Your assignment:
Repeat exactly the lines of the records below, starting at the line containing "店内の大きな窓からは、皇居の" and ending at the line containing "a design of". Leave the pictures out.

Extracted material:
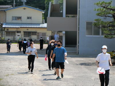 児童・生徒下校後の14:40より、2学期からの新校舎使用開始に向けて、教職員全員で避難訓練を行いました。
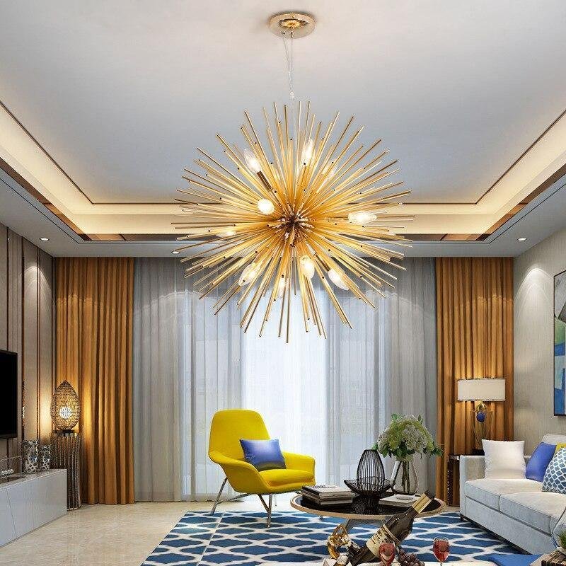 Ce plafonnier salon doré séduit par son design audacieux et luxueux. Inspiré d’un soleil rayonnant, il est composé de multiples tiges dorées disposées en étoile, intégrant des ampoules pour un éclairage puissant et homogène. Ce luminaire devient la pièce maîtresse de votre salon en apportant élégance et modernité. Fabriqué avec des matériaux de qualité, il garantit robustesse et durabilité. Facile à installer, il s’adapte parfaitement aux intérieurs contemporains, glamour ou art déco, créant une ambiance lumineuse et sophistiquée, idéale pour impressionner vos invités.
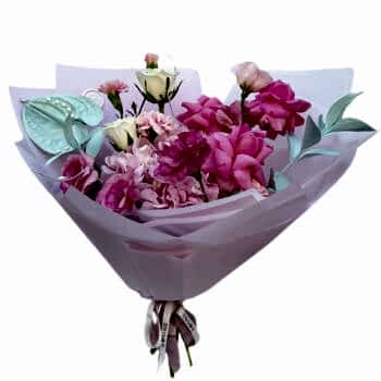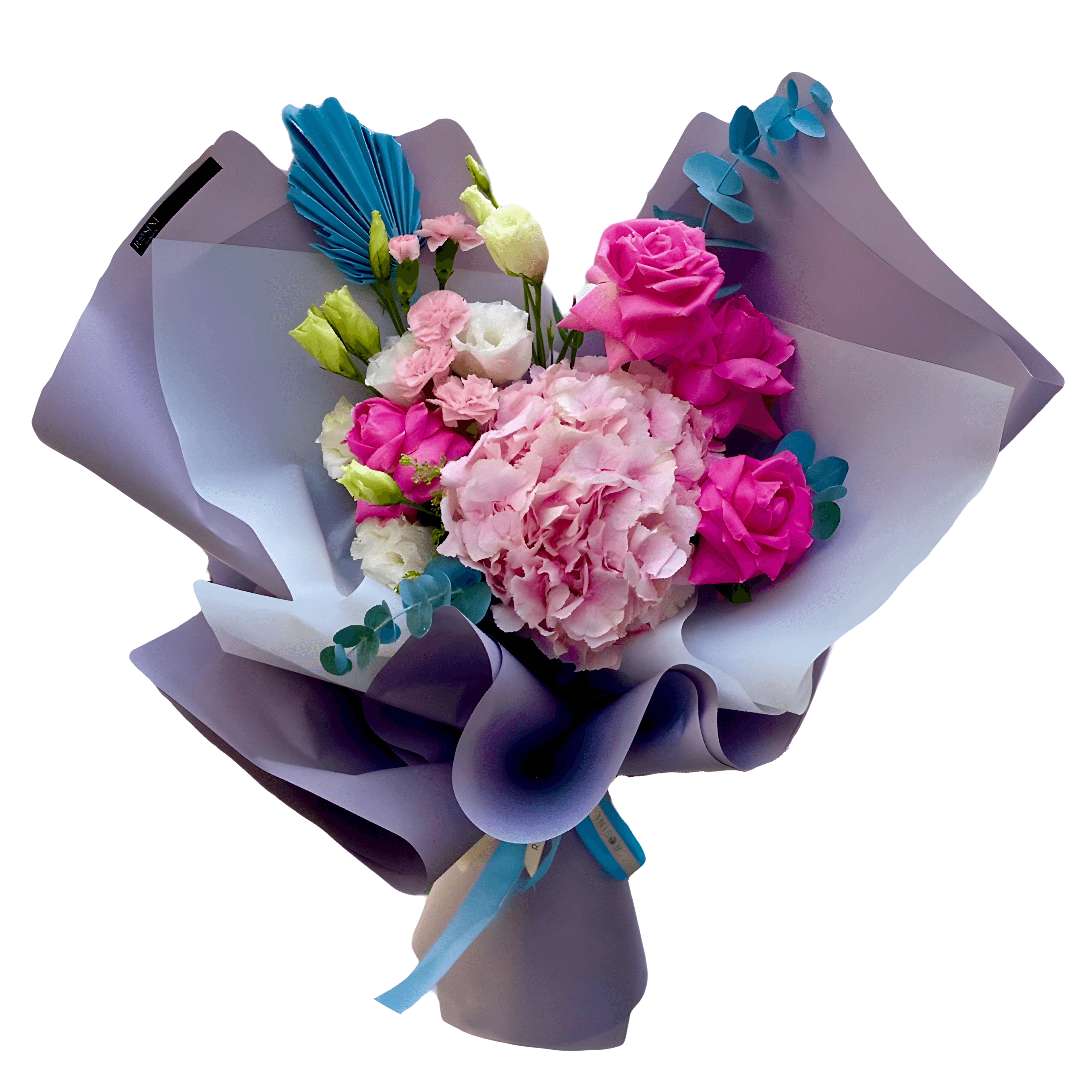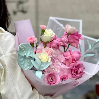 Sparkle buketi 1 dal pembe ortanca, 4 dal pembe gül, 3 dal beyaz lisianthus, 3 dal ada karanfil, 3 dal okaliptüs, 1 dal kuru çiçekten hazırlanmıştır.
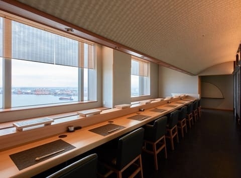 店内の大きな窓からは、皇居の緑や丸の内の高層ビル群を一望でき、東京の中心地らしい景色を背景に、職人の握る本格寿司を堪能できます。
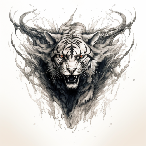 a design of black tatoo of a flying tiger. Make it with one connected line and give the tiger wings.
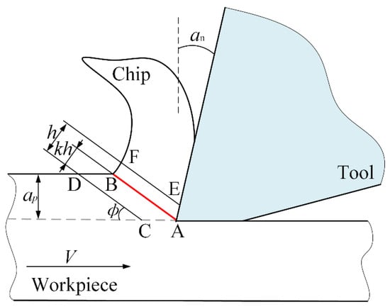 The PZ is an extremely narrow region. While cutting, the PZ experiences significant strain rates. This study adopted the unequal shear zone model proposed by Astakhov [28], which splits the PZ into two parts of unequal length. A schematic diagram of the model is shown in Figure 3.
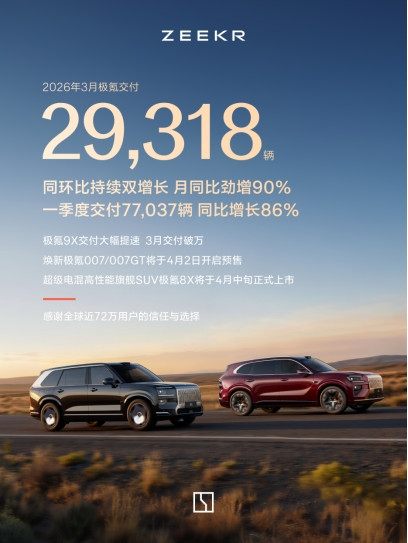 没念念到极氪3月的请托29318辆,同比涨90%、环比涨23%
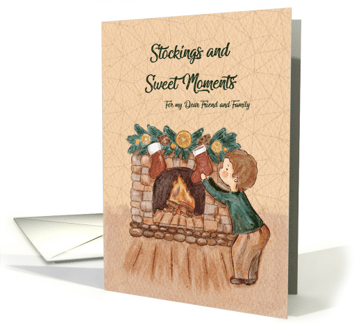 A watercolor-style Christmas card featuring a young child hanging red stockings on a stone fireplace. Above the fireplace, there's a festive garland made of pine leaves, pinecones, and dried orange slices. A cozy fire glows in the hearth. The text on the front reads “Stockings and Sweet Moments” For friend and family
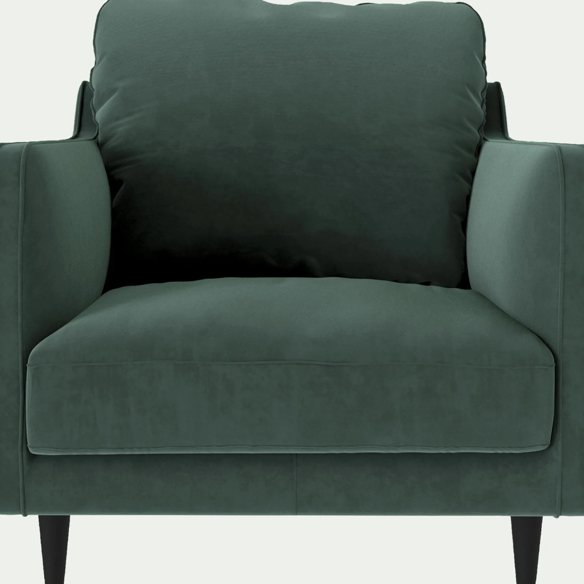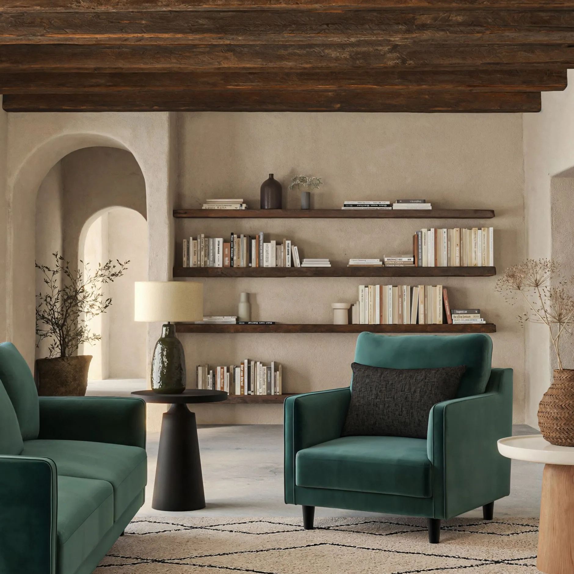 Ce fauteuil conjugue élégance italienne et confort absolu. Sa silhouette généreuse, dotée de deux larges accoudoirs, invite à la détente. L’assise moelleuse est garnie de plumes d’oie pour un accueil doux et enveloppant, parfaite pour les instants de lecture ou les longues conversations. Revêtu d’un tissu velvet au toucher velouté, il se décline dans un coloris vert sauge tout en douceur, qui apaise l’espace du salon. Fabriqué en Italie avec du bois certifié FSC®, ce fauteuil est aussi entièrement déhoussable pour un entretien facilité. Une pièce pensée pour durer, aussi belle que confortable.
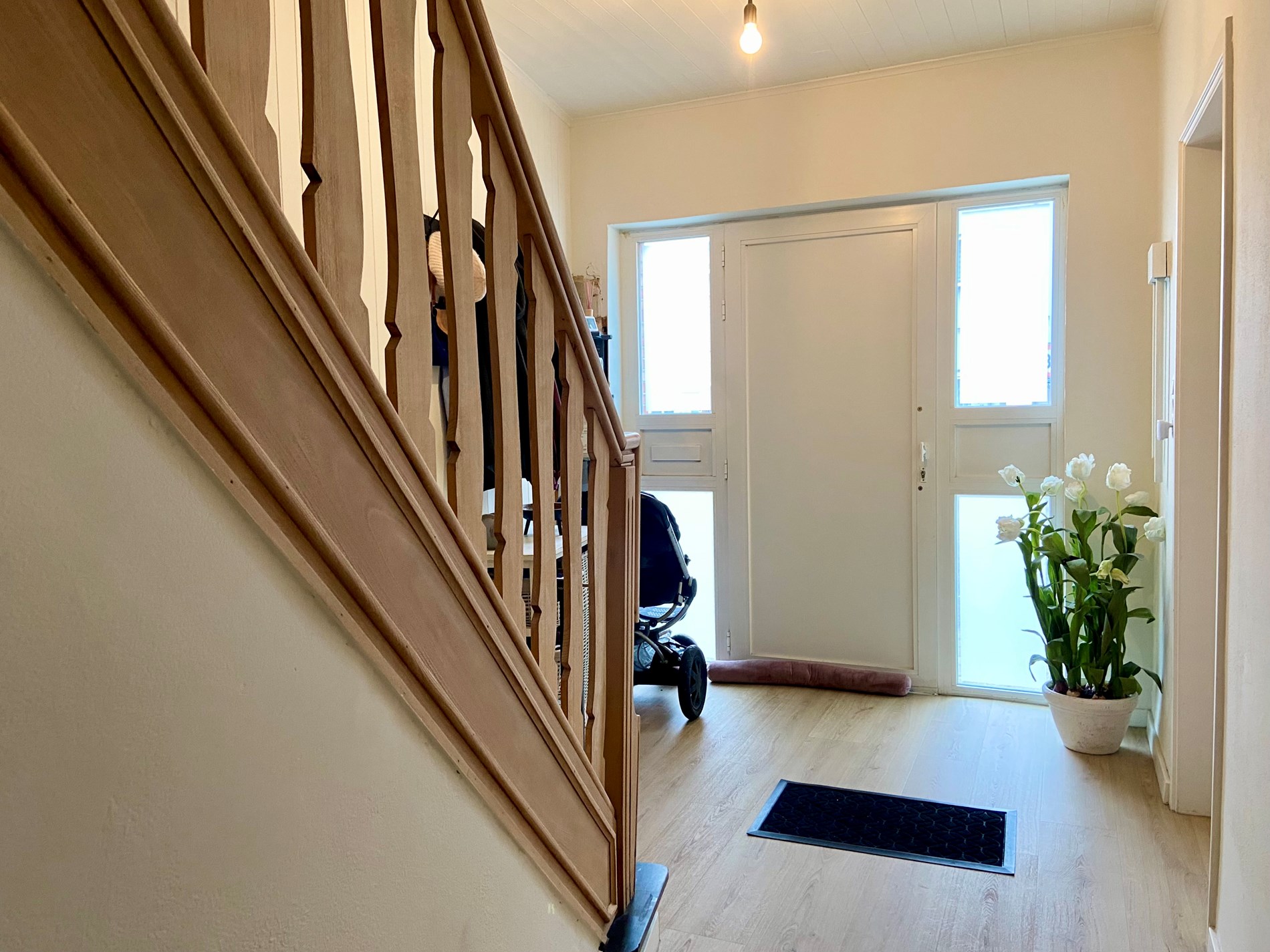Bij binnenkomst word je verwelkomd in een ruime inkomhal met tal van ingebouwde kasten, ideaal voor het opbergen van jassen en schoenen.

Result for this exercise:
 店内の大きな窓からは、皇居の緑や丸の内の高層ビル群を一望でき、東京の中心地らしい景色を背景に、職人の握る本格寿司を堪能できます。
 a design of black tatoo of a flying tiger. Make it with one connected line and give the tiger wings.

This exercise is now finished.